__Exercise details__: Reproduce exactly, and only, the lines of the material below running from the line bearing "WWE 2K15 ushers" through the line bearing "Now go to the". Leave any pictures out.

__Listed records__:
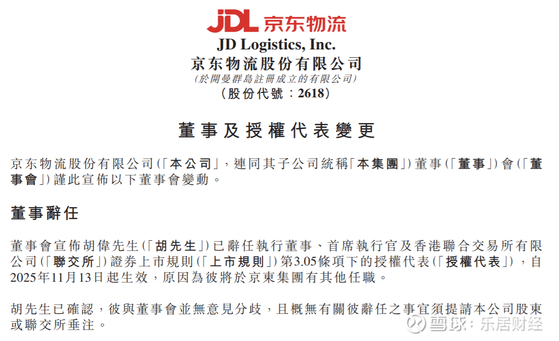 瑞财经 王敏11月13日,京东物流(02618)发布公告,董事会宣布胡伟已辞任执行董事、首席执行官,自2025年11月13日起生效,原因为其将于京东集团有其他任职。
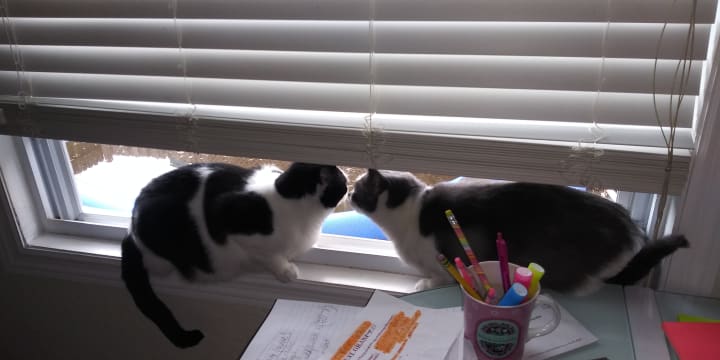 And keeping them out of the office was a game for them, too. They were constantly sneaking in. Sometimes I had to just give in and let them stay. Usually they just wanted to sit on the windowsill. Other times, they liked the cool glass of my desk on their bellies. But they were determined to stay in that office with me.
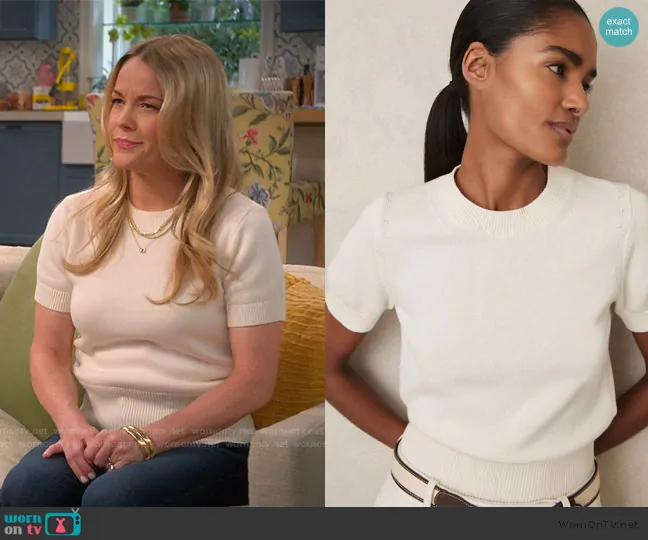Becca (played by Andrea Anders) on Leanne on Netlfix was spotted wearing this Becca’s white short sleeve knit top on Leanne on episode 'Gomez Is a Woman' (1x14) in Aug 2025. 's Top is the Anita Knit Crewneck Top by Reiss.
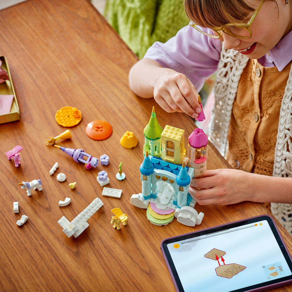 Girls and boys have 3 different LEGO animal playset building options with the same bricks: a castle playset; a unicorn ship model with a rainbow sail; or a playground with a forest cabin, garden and picnic table.
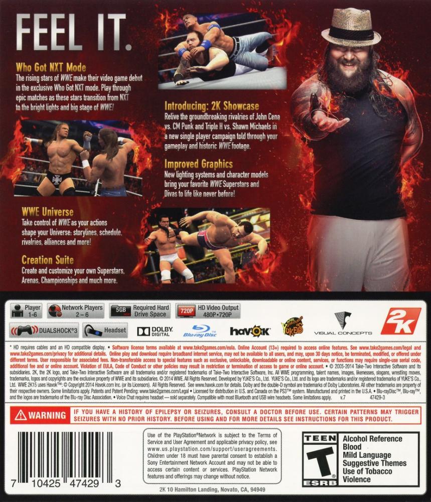 WWE 2K15 ushers in a new era of WWE video games! The first WWE game to be featured on Next-Gen platforms, WWE 2K15 will introduce the hardest hitting and most fluid WWE gameplay to date, closer than ever to what fans see on WWE TV. With significant gameplay enhancements, a presentation overhaul, and all-new MyCAREER and 2K Showcase game modes, WWE 2K15 delivers the most authentic and action-packed WWE video game experience to date. Feel every blow, hear every impact. WWE 2K15. Feel It.
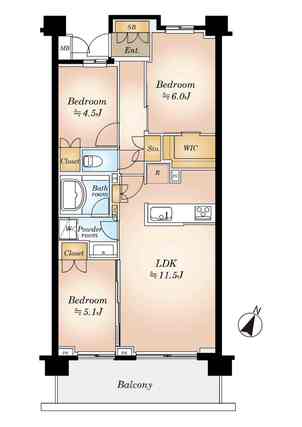 | 専有面積 | 68.69m2(壁芯) | バルコニー面積 | 10.8m2 |
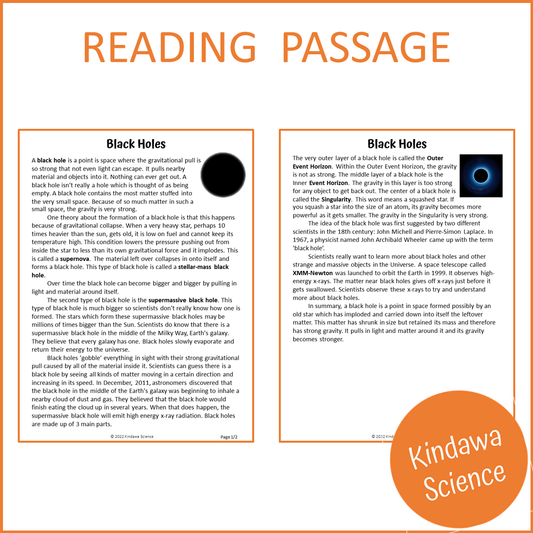 Black Holes Reading Comprehension Passage and Questions | Printable PDF
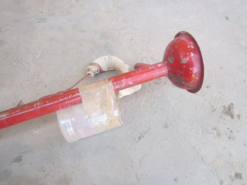 它虽然构造简单,但用起来还真不容易。在这玉米器上先安装一个饮料瓶的下半身,在里面放玉米用,在玉米器的中间,有一个把柄,只要把这个把柄一捏,下面的一张小三棱栓的“嘴”就张开了,这样,每一个玉米便会顺着这条道“跑”下来,从这张嘴里出来,掉进那一个个小泥洞里。看!挺不容易的吧!
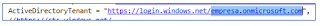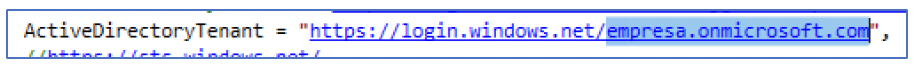 La información correcta que debe enviar en la aplicación para el directorio activo del inquilino debe ser: empresa.onmicrosoft.com.
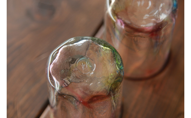 【琉球ガラス工房 硝子家すずめ】オーロラ・ロック<ペア> 〇 グラス ロックグラス 虹色 伝統工芸品 綺麗 ふわふわ インテリア セット プレゼント 贈り物 雑貨 普段使い 沖縄 読谷村
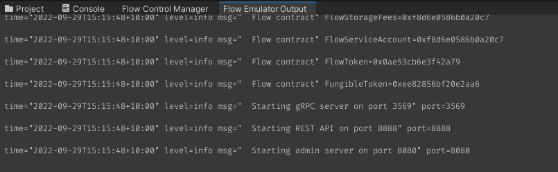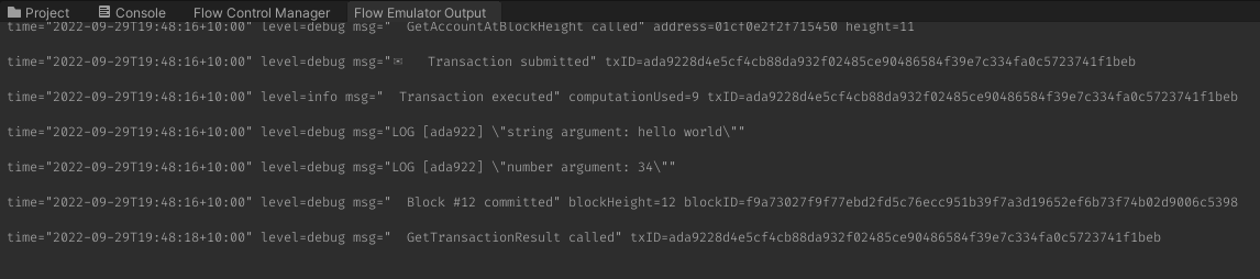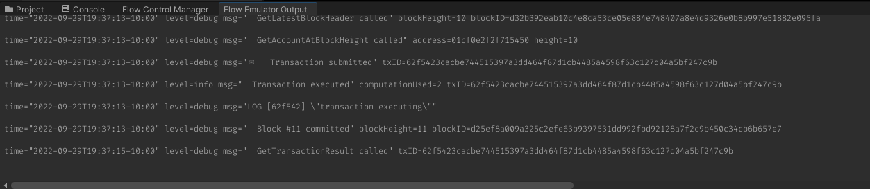 Now go to the Flow Emulator Output and scroll to the bottom. You should see several things - the transaction was submitted, executed, the log message in the cadence code was printed, and a new block was committed.
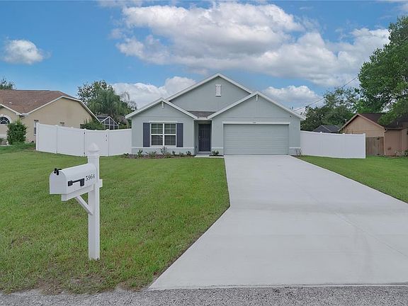 Very rarely do lived-in new construction homes like this come on the market!?? Built in 2022, this impeccable home with NO HOA is absolutely perfect and move-in ready. The owners have left nothing for the buyer to do except unpack and make it their own. This concrete block, 4 bedroom, 2 bathroom home is expansive with its 3-way split layout. The spacious rooms, with wall-to-wall ceramic tile flooring and recessed lighting throughout, optimize the modern and fresh living space. The open concept, eat-in kitchen overlooks the living area and dining room, providing sliding door access to the outdoor covered lanai.?? The home centers around the well-appointed kitchen with a suite of stainless-steel Whirlpool appliances, granite countertops and never-ending storage space.?? The main bedroom with its en-suite bathroom and walk-in closet are located at the back of the home, creating a private, separate oasis from the other bedrooms. Two additional bedrooms are located at the front of the home and are separated by a bathroom.?? A final bedroom is nestled between the laundry center with its upgraded washer and the two-car garage, creating a space perfect for an additional guest bedroom, home office or nursery. The backyard is private and completely enclosed with new vinyl fencing, making it both super pet friendly and securing it from access to the front yard. The outdoor space, with newly planted saplings and ample room for a pool upgrade, is perfect for relaxing, entertaining and outdoor living. The home also features an ADT Smart Security System, which currently includes exterior cameras and monitors to entry points to the home. This house is shiny and new, and ready to be molded into the home of your dreams. 2022-10-27
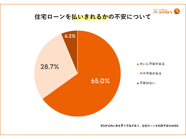 住宅ローンの支払いについては65.0%が「大いに不安がある」、28.7%が「やや不安がある」と回答し、大多数が多かれ少なかれ不安を抱いていることが分かった。
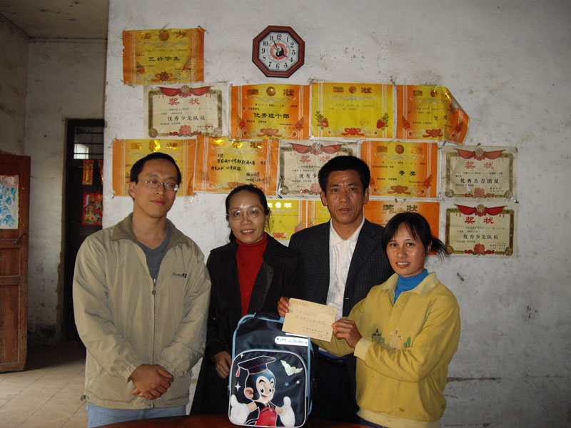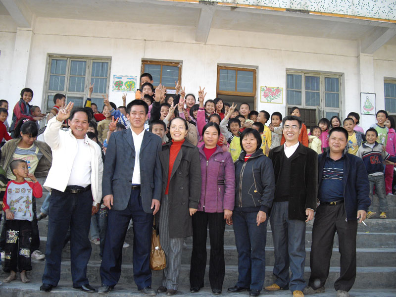 会后,支部一行来到小学走访。龙湾小学由一幢三层楼和一幢二层楼组成,校长介绍说二层楼是村里筹集10万资金前年建的,小学目前有学生500多人,教师24人,教学条件仍比较艰苦,听完介绍后党支部向小学捐赠了微波炉等物品。我们走出校长室,立刻被刚下课的学生们围住了,他们围住我们问这问那,我们被他们的热情所感染,高兴地和这些小主人们合影留念。
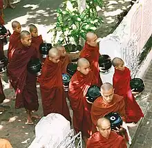 Les moines bouddhistes ne sont pas des mendiants au sens classique du terme car un code de conduite strict régit leur tournée de recueil de nourriture (pindapata) et la façon dont ils reçoivent les dons en général. Ils ne sont pas autorisés à utiliser de l’argent et ne peuvent manger que ce qui est offert ; ils ne peuvent pas faire du bruit, crier ou chanter pour attirer l’attention ; ils marchent silencieusement (dans le cas des moines méditants, ayant présent à l’esprit le sujet de méditation), et acceptent tout ce qui leur est offert comme nourriture, l’important étant l’attitude d’esprit au moment du don ; la nourriture est considérée comme un médicament permettant à la continuité esprit/corps de se maintenir.

__Expected output__:
 WWE 2K15 ushers in a new era of WWE video games! The first WWE game to be featured on Next-Gen platforms, WWE 2K15 will introduce the hardest hitting and most fluid WWE gameplay to date, closer than ever to what fans see on WWE TV. With significant gameplay enhancements, a presentation overhaul, and all-new MyCAREER and 2K Showcase game modes, WWE 2K15 delivers the most authentic and action-packed WWE video game experience to date. Feel every blow, hear every impact. WWE 2K15. Feel It.
 | 専有面積 | 68.69m2(壁芯) | バルコニー面積 | 10.8m2 |
 Black Holes Reading Comprehension Passage and Questions | Printable PDF
 它虽然构造简单,但用起来还真不容易。在这玉米器上先安装一个饮料瓶的下半身,在里面放玉米用,在玉米器的中间,有一个把柄,只要把这个把柄一捏,下面的一张小三棱栓的“嘴”就张开了,这样,每一个玉米便会顺着这条道“跑”下来,从这张嘴里出来,掉进那一个个小泥洞里。看!挺不容易的吧!
 La información correcta que debe enviar en la aplicación para el directorio activo del inquilino debe ser: empresa.onmicrosoft.com.
 【琉球ガラス工房 硝子家すずめ】オーロラ・ロック<ペア> 〇 グラス ロックグラス 虹色 伝統工芸品 綺麗 ふわふわ インテリア セット プレゼント 贈り物 雑貨 普段使い 沖縄 読谷村
 Now go to the Flow Emulator Output and scroll to the bottom. You should see several things - the transaction was submitted, executed, the log message in the cadence code was printed, and a new block was committed.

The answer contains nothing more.